Salvador Hueso Sañudo
Arcos de la Frontera
Tú, agua santa, manantial de vida, gracias te doy por poder decir: soy y existo, y existo porque he de morir. Tu bondad quiso concederme la aventura de vivir llevándote hasta en los más diminutos intersticios de mi ser dándome existencia sin pedirme nada a cambio, nada, y sólo la muerte, al final del último tramo, será la que te haga salir, y entonces tú, armoniosa y desinteresada, sé bien que partirás presta para emprender otro ciclo vital.

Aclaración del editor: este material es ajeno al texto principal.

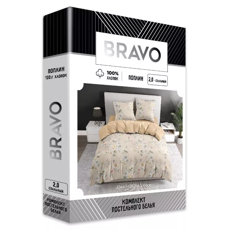 "BRAVO" Комплект постельного белья "Нари" 2сп с евро-простыней, 70х70см, поплин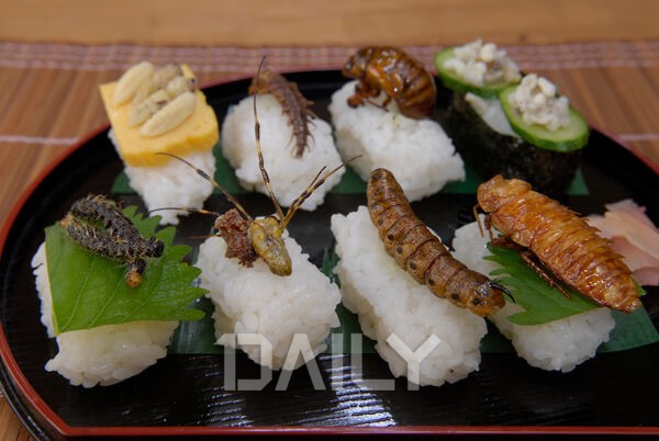 미래 식량을 대표할 먹거리로 곤충이 최적화라며 식용 곤충 사업이 확대되고 있는 요즘, 일본에서는 곤충을 이용한 김밥이나 초밥을 선보이고 있다. 특히 인기 있는 것은 매미 초밥인데 곤충 중에서도 생각보다 맛있으며 땅콩 맛이 감돈다고 한다. 매미 이외에도 사마귀나 애벌레, 하늘소 유충, 장수말벌 유충 등 그 종류만 해도 다양하다. 곤충을 주재료로 써서 만든 초밥이나 김밥을 먹어본 사람들의 반응은 처음 먹기가 힘들어서 그렇지 계속 먹다 보면 은은한 단맛과 담백한 맛이 좋다고 전했다.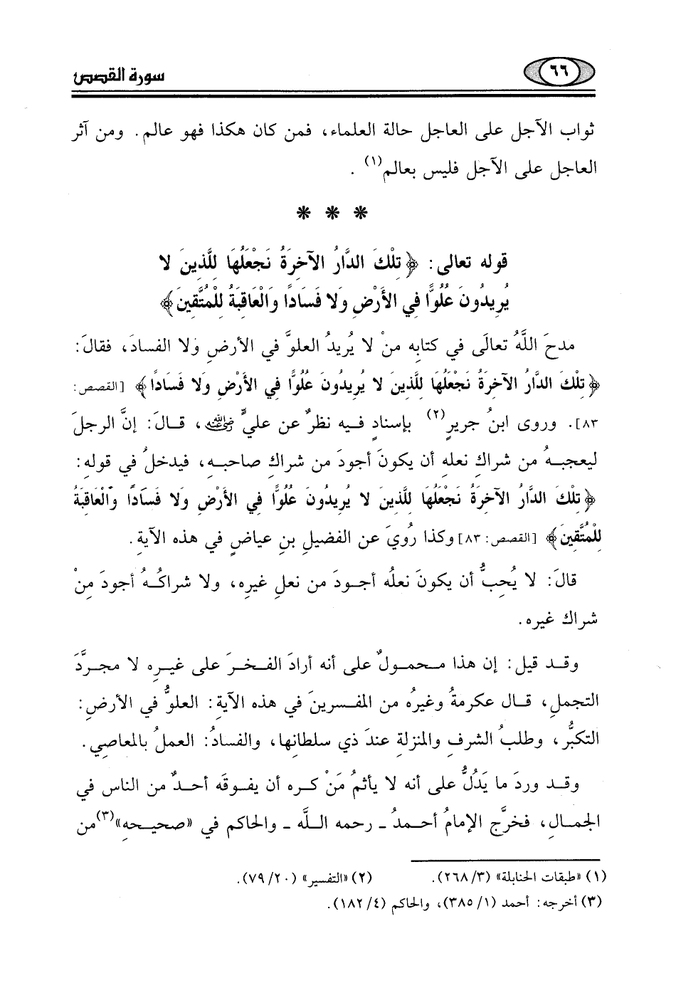 وروى ابنُ جريرٍ بإسنادٍ فيه نظر عن على - رضي الله عنه -، قالَ: إنَّ الرجلَ ليعجبهُ من شراكِ نعلهِ أن يكونَ أجودَ من شراكِ صاحبهِ، فيدخلَ في قولهِ: (تِلْكَ الدَّارُ الْآخِرَةُ نَجْعَلُهَا لِلَّذِينَ لَا يُرِيدُونَ عُلُوًّا فِي الْأَرْضِ وَلَا فَسَادًا وَالْعَاقِبَةُ لِلْمُتَّقِينَ (83) .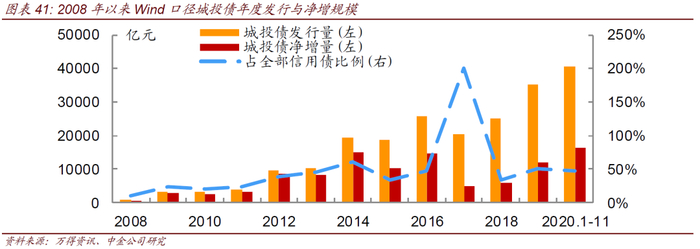 1)2020年1-11月城投债发行和净增规模分别达到4.07万亿元和1.64万亿元,是2008年以来的历史最高峰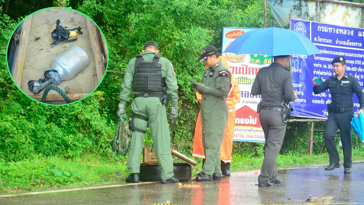 คนมือบอนไม่มีอะไรทำ นำกาพ่นสีกับที่อุปกรณ์ปั๊มน้ำมาพันเทปทำให้เหมือนระเบิดแสวงเครื่อง วางไว้ริมถนนสุขุมวิท อ.เขาสมิง จ.ตราด ต้องแจ้งอีโอดีมาเก็บกู้กันจนเป็นที่วุ่นวาย นอภ.ยืนยันมีการตรวจตราเข้มแข็ง มาเที่ยวได้ปลอดภัยหายห่วง...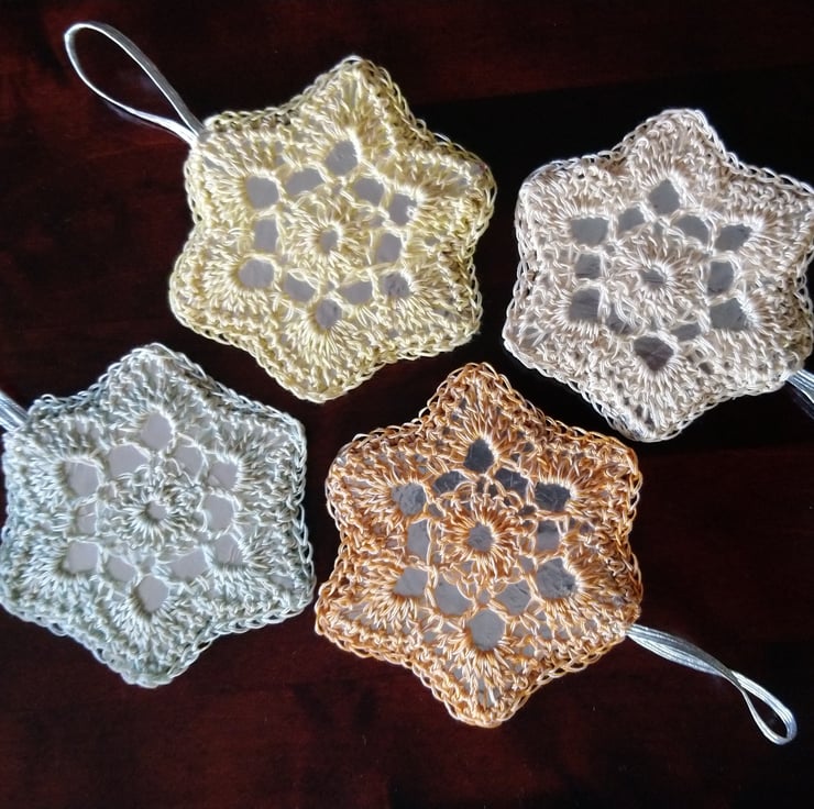 Hanging decorations to go on your Christmas tree, or elsewhere. Set of four, each one is made of two hand crocheted star motifs. Between them are two layers of card covered in foil, so the foil shows through the lacy parts of the motifs and gives a sparkle to the decoration. Great if near a light on your tree (but do not let them touch the light) The hanging loop is attached with a staple (sandwiched between the two layers of card inside the decoration) and is of a silver elastic, so has a bit of stretch for hanging on awkward tree branches.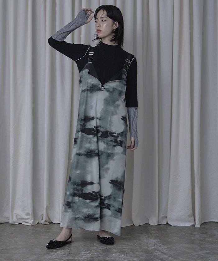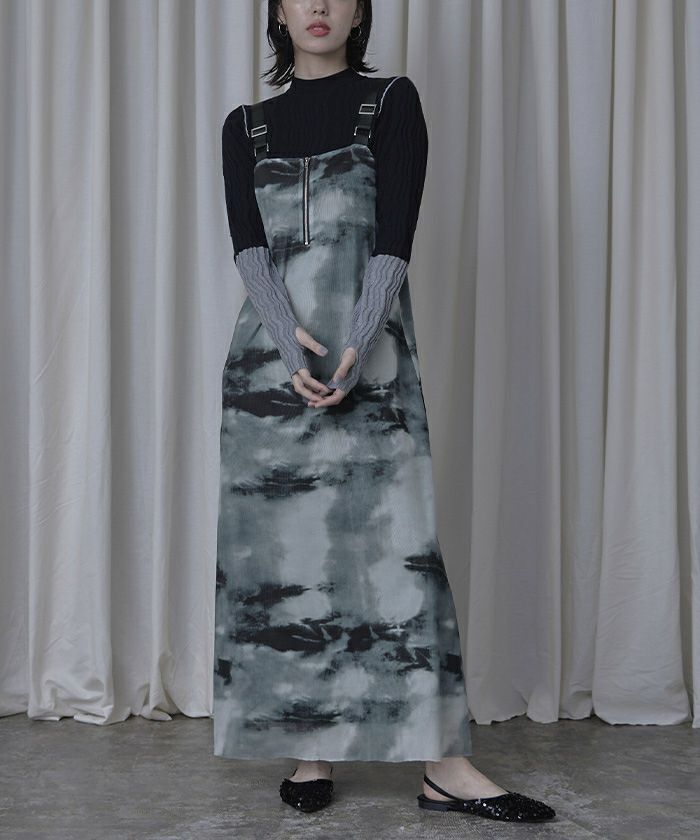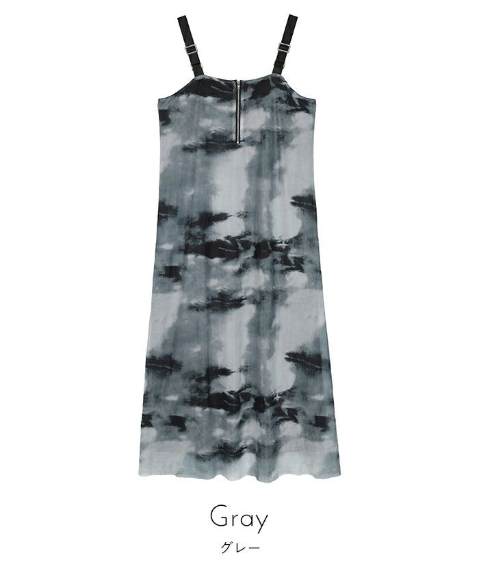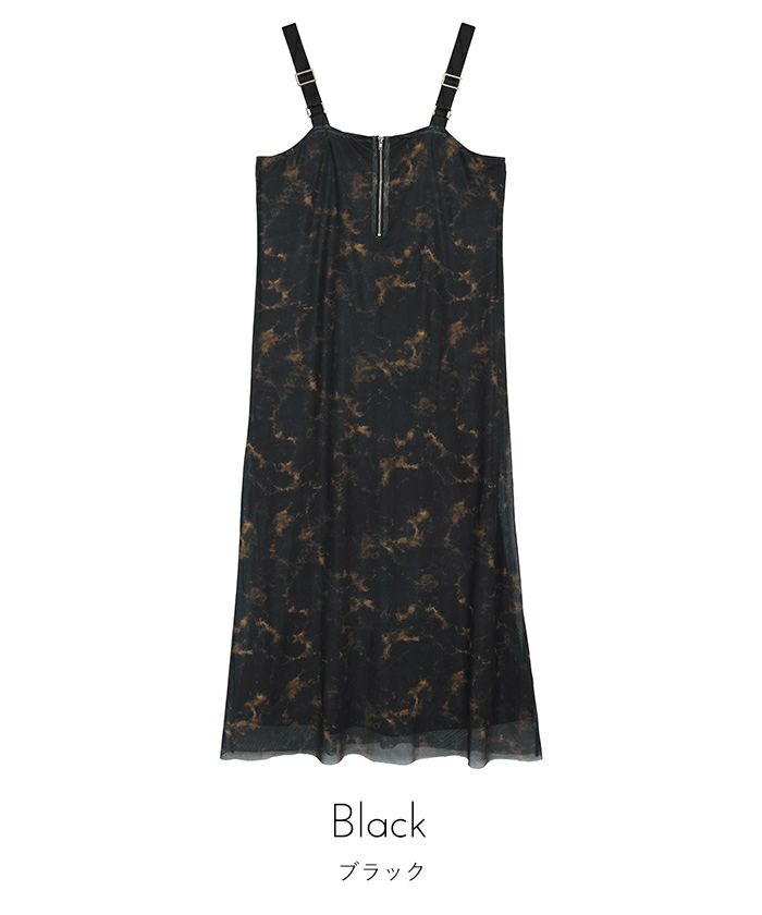 フロントジッププリントチュールワンピース【miette ミエット】

Agua, madre de la vida, que gozosa buscas las concavidades de la faz térrea en las que te arrellanas hasta nivelarte. Pacífica e indolente te comportas en formaciones lacustre, tempestuosa y arrolladora en mares y océanos aguijoneada inmisericorde por la furia de los entes geofísicos. Las duras inclemencias de la noche invernal hielan hasta lo más íntimo de tus entrañas, vistiendo de escarcha al plomizo agro ante la mirada atónita de un paisaje escuálido con árboles desnudos cargados de carámbanos en la mañana gélida. Pero tú, en cualquiera de tus tres estados, sigues y sigues, vanidosa y ufana, obstinada siempre en desvanecerte y elevarte para vivir nuevas experiencias más cerca del cielo, dejada llevar de las caprichosas decisiones de los fenómenos atmosféricos para, al final, regresar a la madre tierra, tenue y silenciosa, las más de las veces; torrencial, otras; compacta y helada en raras ocasiones y en albos y zigzagueantes copos en las frías latitudes.
¡Agua!, vida y bendita eres cuando del cielo caes, porque hasta la cara de los muertos lavas, y vida y bendita eres porque sin ti nada es posible.